A conventional loop might look like this:
let values = vec![10, 20, 30, 40, 50, 60, 70, 80, 90, 100];
for v in &values {
println!("Value = {}", v);
}
In this instance, the iterator is invisible. The value v
is a reference to the i32
of the currently iterated element so each iteration prints a different value.
However we can also be explicit and obtain the iterator if we desire and apply an action to each value:
let values = vec![10, 20, 30, 40, 50, 60, 70, 80, 90, 100];
values.iter().for_each(|v| println!("Value = {}", v);
In this example the code calls for_each
on the Iterator
which iterates over each element and calls the closure.

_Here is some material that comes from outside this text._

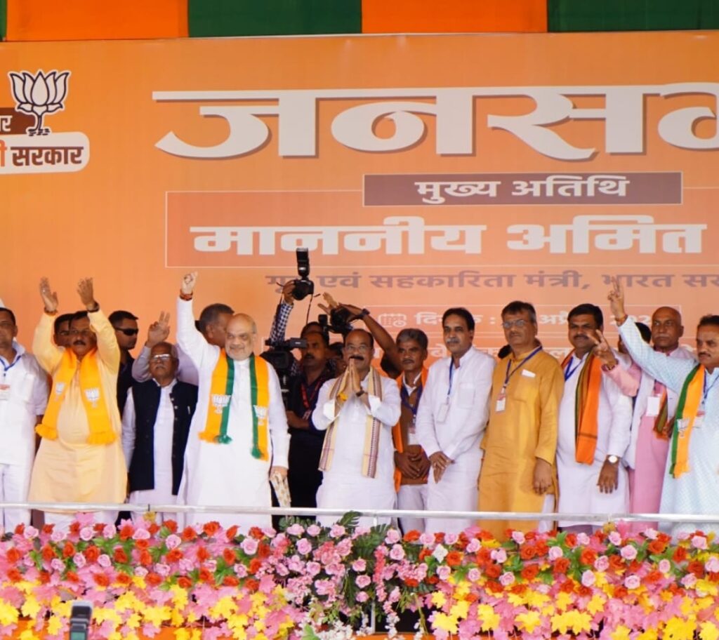 बेमेतरा में सभा से जनता को सम्बोधित करते हुए गृहमंत्री अमित शाह ने जनता को सम्बोधित करते हुए तीसरी बार मोदी सरकार में छत्तीसगढ़ को विकसित बनाने भरोसा दिलाये। छत्तीसगढ़ में डबल इंजन की सरकार बनने से बस्तर शांत है।

We can go further. Let's say we want to only print the first 5 results:
let values = vec![10, 20, 30, 40, 50, 60, 70, 80, 90, 100];
values.iter().take(5).for_each(|v| println!("Value = {}", v));
Now the code calls take
on the Iterator
which produces a Take<Iterator>
which iterates only 5 times before it ends.
Perhaps we want to produce a tuple, consisting of the index of the iterator and f64
result of dividing the number by 5.
let values = vec![10, 20, 30, 40, 50, 60, 70, 80, 90, 100];
let result = values.
iter().
enumerate().
map(|v| (v.0, *v.1 as f64 / 5.0) ).
collect::<Vec<(usize, f64)>>();
Breaking this down, we iterate, enumerate()
produces a tuple (usize, i32)
from the index and value, map()
creates a new tuple (usize, f64)
and then finally the result is gathered into a new collection.
As you can see iterators expose very powerful functions that are an efficient, terse and provide less chance for error than writing a loop.